Over the last three years, he’s done just that in his operating room at Moffitt. He put up a white board to list such specifics as any previous operations the patient underwent, site of the impending operation, any medications that could affect the operation’s safety, names of all the physicians, nurses, technicians and anesthesia staff working the case, medical risk factors and special needs like blood typed and cross-matched for transfusion.

Team members discuss expected length of the operation, fluid administration, and possible difficulties they may encounter as the procedure progresses.

Dr. Karl operates without music — a standard in many operating rooms — to make it easier for members of the surgical team to hear one another. He invites everyone in the room to speak out if they notice anything unusual or potentially harmful. He asks for callouts from the anesthesiologist every 30 minutes to monitor the patient’s blood pressure, pulse, urine output, temperature and oxygen levels. In return, he said, he lets the anesthesiologist know as soon as he encounters any difficulty and whether he plans to continue with the operation or discontinue the procedure. “Everything goes much smoother if we talk about what’s happening,” he said, “rather than me just running the surgeon’s side of the show and the anesthesiologist running the anesthesia side of the show.”


Differences of Culture

While the airplane cockpit and operating room have a lot in common, there are distinct differences, Dr. Karl said. One of the biggest is that pilots work for the airline, while most surgeons are still independent contractors.

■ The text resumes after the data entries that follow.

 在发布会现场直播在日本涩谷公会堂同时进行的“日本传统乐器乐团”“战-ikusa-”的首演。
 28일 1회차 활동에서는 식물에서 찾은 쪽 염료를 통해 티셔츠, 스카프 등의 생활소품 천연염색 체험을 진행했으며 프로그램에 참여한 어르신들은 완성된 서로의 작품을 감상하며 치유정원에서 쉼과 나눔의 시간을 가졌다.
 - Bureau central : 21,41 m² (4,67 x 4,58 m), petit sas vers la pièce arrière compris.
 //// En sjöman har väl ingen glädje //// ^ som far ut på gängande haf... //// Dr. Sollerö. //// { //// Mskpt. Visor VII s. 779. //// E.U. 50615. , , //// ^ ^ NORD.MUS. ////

“If the airline doesn’t like the way a pilot flies because they’ve deviated from standards, then the pilot is fired,” Dr. Karl said. “But, in most parts of the country, surgeons are in private practice and hospital CEOs are interested in attracting and keeping the surgeon’s business to bolster the bottom line.”

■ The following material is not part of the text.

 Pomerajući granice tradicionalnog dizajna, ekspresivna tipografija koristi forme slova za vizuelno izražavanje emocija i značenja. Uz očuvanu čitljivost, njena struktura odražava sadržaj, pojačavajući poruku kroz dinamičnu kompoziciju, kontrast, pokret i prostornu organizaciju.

Recurrent training and evaluation of pilot competencies by the Federal Aviation Administration are more rigorous than the continuing education requirements surgeons must meet to maintain their licenses and board certifications, Dr. Karl said.

Airlines also long ago learned that certain weather conditions were likely to increase the risk of an unsafe landing. But a surgeon can operate on anyone, even those whose cardiac or pulmonary function makes them poor candidates for a beneficial outcome, Dr. Karl said.

“If the visibility is below a certain level, the airline says the captain may NOT approach. The flight must be diverted,” he said. “We don’t have that kind of system in medicine.”

Dr. Karl notes in the ACS Bulletin article that aviation and surgery have another major difference: “Without intending to diminish either glorious profession, as a pilot type-rated in the Boeing 737 and as a surgical oncologist, I can say unequivocally that surgery is much harder than flying.”